AMARAL E AZAL TINTO - SINÓNIMOS OU CASTAS DIFERENTES?
Isaura CASTRO(1); Maria Teresa MOTA(2); Juan Pedro MARTÍN(3); Jesús Maria
ORTIZ(3); José LEÃO(4); João GARRIDO(2); Olinda PINTO-CARNIDE(1)
(1)
CENTRO DE GENÉTICA E BIOTECNOLOGIA DA UNIVERSIDADE DE TRÁS-OS-MONTES E
ALTO DOURO, INSTITUTO DE BIOTECNOLOGIA E BIOENGENHARIA (CGB-UTAD/IBB), 5001801 VILA REAL, PORTUGAL
(2)
ESTAÇÃO VITIVINÍCOLA “AMÂNDIO GALHANO”, QTA CAMPOS DE LIMA, 4970-249 PAÇÔ,
ARCOS DE VALDEVEZ, PORTUGAL
(3)
DPTO. DE BIOLOGÍA VEGETAL, ESCUELA TÉCNICA SUPERIOR DE INGENIEROS
AGRÓNOMOS, UNIVERSIDAD POLITÉCNICA DE MADRID, CIUDAD UNIVERSITÁRIA S/N,
28040 MADRID, ESPAÑA
(4)
DIRECÇÃO REGIONAL DE AGRICULTURA E PESCAS DO NORTE, EST. EXTERIOR
CIRCUNVALAÇÃO, 11846, 4460-281 SENHORA DA HORA, MATOSINHOS, PORTUGAL
“Amaral” é uma casta tinta recomendada para a produção de vinhos DOC Vinho Verde.
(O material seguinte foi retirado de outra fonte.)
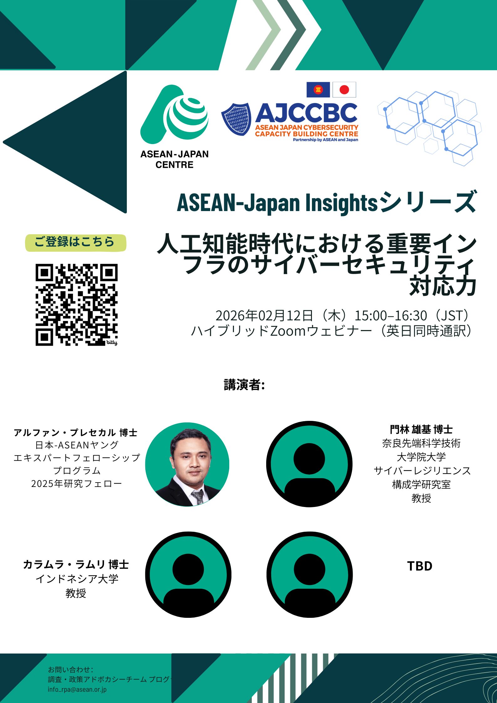 本ウェビナーでは、進展する日ASEAN協力を踏まえ、政策の整合性、AIを活用した脅威インテリジェンス、サイバーセキュリティ・ガバナンス、ならびに地域的な能力構築について議論します。エネルギーシステムやサプライチェーンを標的としたサイバー攻撃など、重要インフラを巡る新たなリスクを取り上げるとともに、AI駆動型ツールが検知、対応、レジリエンス強化にどのように貢献し得るかを検討します。また、日ASEAN若手専門家研究フェローが、AI時代におけるサイバーセキュリティ対応力に関する研究成果を、インドネシアを含むASEAN加盟国の事例を基に発表します。学術界、政府、産業界の専門的知見と実務的視点を結集することで、本ウェビナーは、サイバーセキュリティ対応力の強化とAI時代における地域協力の推進に向けた実践的な道筋を明らかにすることを目的としています。
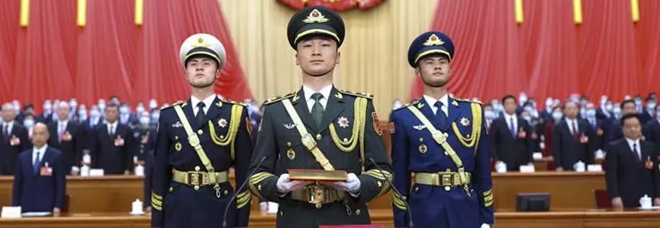 چین کے دارالحکومت بیجنگ کے عظیم عوامی ہال میں آئین سے وفاداری کا عہد کرنے کی غرض سے نومنتخب چینی رہنماؤں کے لیے تقریب کے دوران چینی پیپلز لبریشن آرمی (پی ایل اے) کا گارڈ آف آنر ملکی آئین کی دستاویزلے کر  پیش کر رہا ہے۔(شِنہوا)
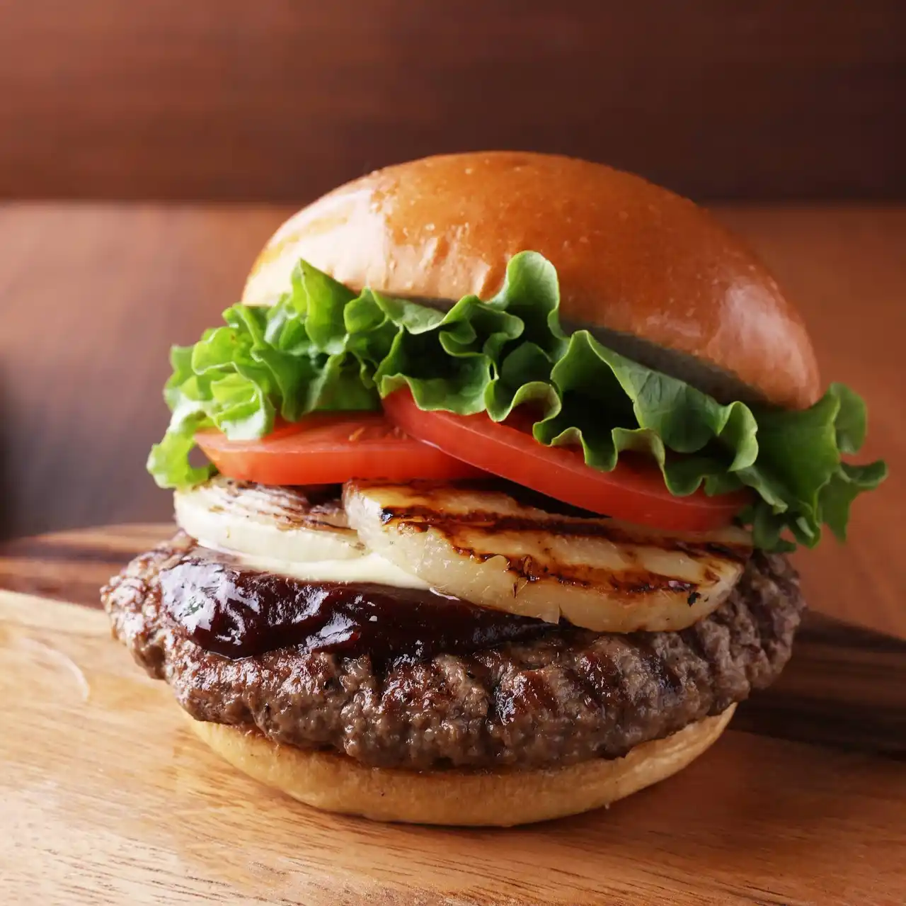 クア・アイナ自慢の溶岩石グリルで焼き上げることで旨みを閉じ込めたビーフ100%パティと、表面を軽く炙ることで甘みとジューシーさを引き出したパインを贅沢に重ねた一品です。 特製BBQソースの深いコクとスモーキーな香りが、ビーフパティとフルーツの絶妙なハーモニーを一層引き立てます。 |
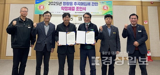 울산석유화학단지와 청량농협은 25일 2025년 청량지역 추곡수매 약정 체결 조인식을 진행했다.
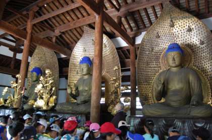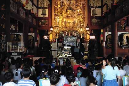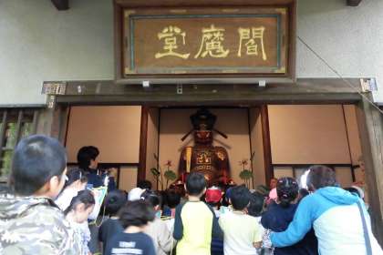 九品仏浄真寺は、3年に一度「おめんかぶり」が行われることで全国的にも有名なお寺です。子どもたちは2グループに分かれ、境内をくまなく見て回りました。本堂の厳かな雰囲気、九品の阿弥陀如来の慈愛に触れ、最後には閻魔大王の姿を拝しました。「笑顔に見えれば日頃から良い行いをしている人」とのお話に、一同「笑顔に見える!」と口にしていました。
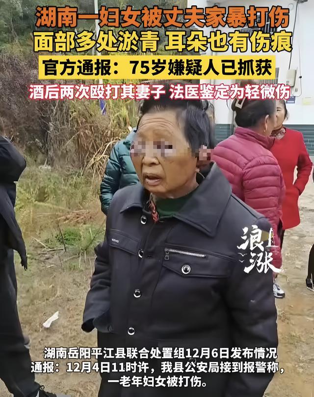 湖南女子遭75岁丈夫家暴:两天两顿打致精神失常,儿子的无奈戳中无数人心 本应安享晚年的年纪,却要在拳脚中苟且度日。近日,湖南平江县一起老年家暴事件引发全网揪心,被打女子满脸淤青、耳朵肿胀,精神状态已出现异常,而施暴的75岁丈夫已被警方抓获,可事件背后的隐情,远比处罚结果更让人揪心。 网传画面里的女子,留着一头潦草短发,身上套着明显不合身的男士衣物,眼神涣散,模样尽显狼狈。最让人心疼的是她的脸和耳朵,肿胀的痕迹清晰可见,全然没了老年人该有的安稳模样。 据知情人透露,女子的惨状源于丈夫的多次施暴,仅12月2日到3日两天内,她就接连遭到两次殴打。12月6日当地官方通报证实了家暴事实,明确男子是酒后动手,经法医鉴定,女子伤情为轻微伤,涉事丈夫已被依法控制。 可事情远没到尘埃落定的时候,一个关键疑问戳中了大众的痛点:女子的家人为何没能护住她? 原来女子育有一子,常年在外打工讨生活。早已知晓母亲屡遭家暴的他,曾把母亲送到亲戚家暂避,可无奈亲戚突患疾病,根本无力照料,他只能又把母亲送回那个“伤人”的家,这份身不由己的无奈,让不少网友唏嘘不已。 除此之外,事件还藏着不少待解的疑点。通报里施暴丈夫75岁,可从视频中看,女子年纪明显要小不少,有网传信息称她实际才四十多岁,这年龄差背后是否另有隐情,目前还需官方进一步通报。 更有网传细节听得人脊背发凉:女子之所以剪去长发,是因为之前被打时,长发会被丈夫揪住,根本没机会挣脱;此前她曾因家暴被打进医院,可出院后丈夫非但没收敛,反而变本加厉继续施暴。不过这些信息均为网传,真实性有待核实。 丈夫被抓,算是给了大众一个初步交代,可大家更关心的是:精神失常的女子,往后该何去何从? 从她身上不合身的衣物就能看出,这个家庭本就不宽裕,否则儿子也不会常年在外奔波。就算儿子能把母亲接去身边,一边要打工赚钱,一边要照料精神状态异常的母亲,又如何能做到两全?不少网友呼吁,当地相关部门能介入其中,给老人安排一个安稳的去处。 这起事件也撕开了一个残酷的现实:家暴的重灾区,往往藏在我们看不见的角落。很多农村老年群体,对“家暴”的概念很模糊,几十年的婚姻让她们习惯了逆来顺受,把拳头和争吵当成了婚姻常态。 在此也想提醒更多人,面对家中老人遭遇家暴,子女一定要成为他们最坚实的后盾,及时将老人带离施暴环境——毕竟家暴只有0次和无数次。当然,我们也不必对老一辈的相处模式风声鹤唳,那个年代的夫妻偶有争吵实属正常,但一旦上升到肢体暴力,就绝不能姑息。
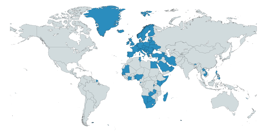 • Benin, Botswana, Burundi, Cabo Verde, Comoros, Côte d’Ivoire, Egypt, Equatorial Guinea, Kenya, Madagascar, Mauritania, Mayotte, Namibia, Nigeria, Reunion, Rwanda, Senegal, Somalia, South Africa, Tunisia, Zambia
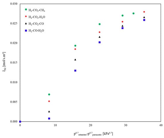 The mechanism by which the mixture of H2/CO2/CO affects the H2 flux is competitive adsorption between the CO, CO2, and H2 molecules for the active sites on the Pd surfaces, while in the ternary mixture of H2/CO2/CH4, the competitive adsorption, dilution, and concentration polarization mechanism plays an important role [,,,,].
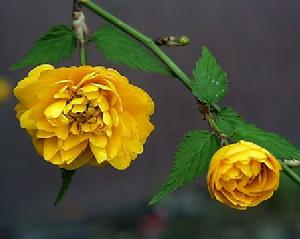 形體特徵:落葉灌木,株高達2米。單葉互生,卵形或卵狀橢圓形,緣具重齒。花單瓣,黃色,單生於側枝端。瘦果。常見栽培品種有重瓣棣棠。
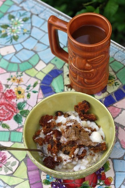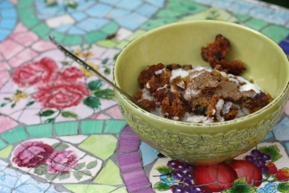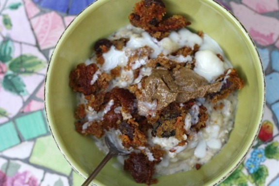 Topped with Carrot Raisin Walnut muffin teacake (from Great Harvest) plus a drizzle of coconut butter and a blog of CVSB.
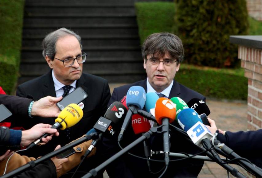 Lasvocesdelpueblo y Agencias – El ex alcalde de Gerona, nombrado presidente de Cataluña tras el fracaso de la investidura del inhabilitado Artur Mas, huido al Waterloo (Bélgica) después del golpe de estado del 27 de octubre de 2017, Carles Puigdemont, asegura que el independentismo votaría ‘NO’ a los presupuestos del presidente Pedro Sánchez (PSOE) porque: «No estamos en un escenario de negociación de partidas presupuestarias (…), estamos tratando de un conflicto político» y «esto no va de partidas presupuestarias concretas, va de derechos fundamentales que se están violando y especialmente uno muy importante que es el derecho a la autodeterminación de Cataluña, que podamos votar libremente, y ahí no hay ninguna novedad», ha dicho. Barcelona (España), lunes 14 de enero de 2019. Fotografía: WATERLOO (BELGICA), 11.01.2019. El independentista presidente de la Generalidad de Cataluña, Quim Torra (i), junto al huido golpista expresidente de la Generalidad de Cataluña, Carles Puigdemont (d), hacen unas declaraciones tras reunirse en Waterloo (Bélgica). Efe
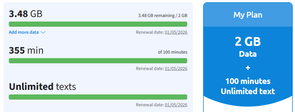 電話は殆どしないので、Telloに乗り換えれば同じ1GBという条件で月6ドルという驚きの安さ。しかも自動課金されないので、うっかり追加料金が発生することもありません。逆に使用量が少ない月は、残りデータを翌月に繰り越しができるので無駄なく安心して使えそうです。

“Azal Tinto” é o nome pelo qual a casta é mais vulgarmente conhecida, embora em Penafiel e
Amarante seja denominada “Amaral”. Na Lista de Castas Aptas à Produção de Vinho em Portugal
(Portaria nº 428/2000) é atribuído “Amaral” como nomenclatura oficial a esta casta, muito embora
em listas anteriores lhe fosse sempre atribuído o nome de “Azal Tinto”.
A análise de microssatélites é considerada a técnica molecular mais adequada para
identificação de variedades de videira. Seis microssatélites foram indicados pelo projecto europeu
GENRES #81 para identificação de variedades e fazem parte da Lista de Descritores para
Variedades de Videira e Espécies de Vitis estabelecido pelo Office International de la Vigne e du
Vin (OIV) (Códigos nº 801-806) (OIV, 2008).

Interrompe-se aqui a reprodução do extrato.